**Work to complete:**
Set down, unchanged, the line holding "2025年10月6日(月)の" and all lines that follow it to the end of the material, leaving pictures out.

**Dataset content:**
------
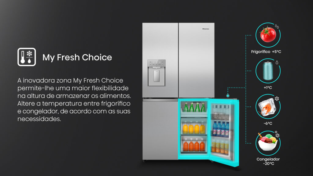 - Zona “My Fresh Choice”: Permite alterar a temperatura entre frigorifico e congelador, e maior flexibilidade na altura de armazenar os alimentos.
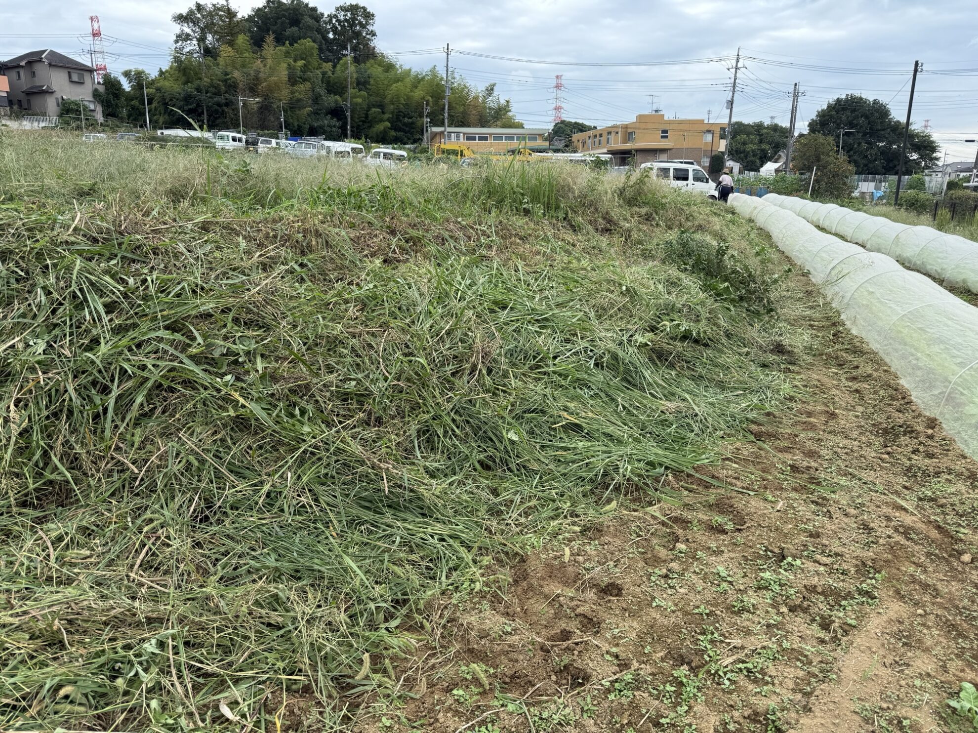 2025年10月6日(月)の作業記録 (玉ねぎの播種作業、斉藤さんの最下段畑をトラクターで耕耘作業、岩槻ネギ周りの除草作業、刈払機での除草作業、マルチシーダーに新しいバッテリーを取り付けてセンサーが動くかチェック作業)
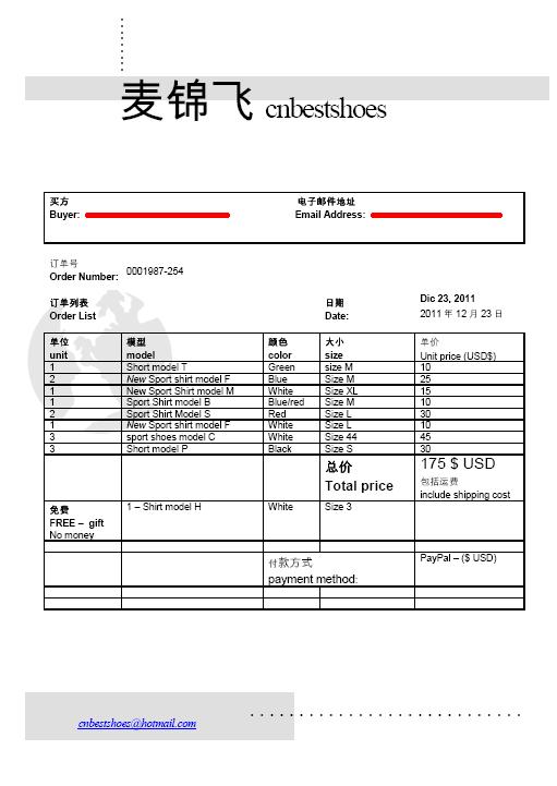 La ''factura'' que el vendedor nos entrega, pero rellena, NUNCA poniendo que hay ropa de marca. Y justo debajo me colocáis el importe de 175 USD que es el mismo precio que ya había puesto en la copia y pega de la factura de paypal.
------
**Finished exercise:**
 2025年10月6日(月)の作業記録 (玉ねぎの播種作業、斉藤さんの最下段畑をトラクターで耕耘作業、岩槻ネギ周りの除草作業、刈払機での除草作業、マルチシーダーに新しいバッテリーを取り付けてセンサーが動くかチェック作業)
 La ''factura'' que el vendedor nos entrega, pero rellena, NUNCA poniendo que hay ropa de marca. Y justo debajo me colocáis el importe de 175 USD que es el mismo precio que ya había puesto en la copia y pega de la factura de paypal.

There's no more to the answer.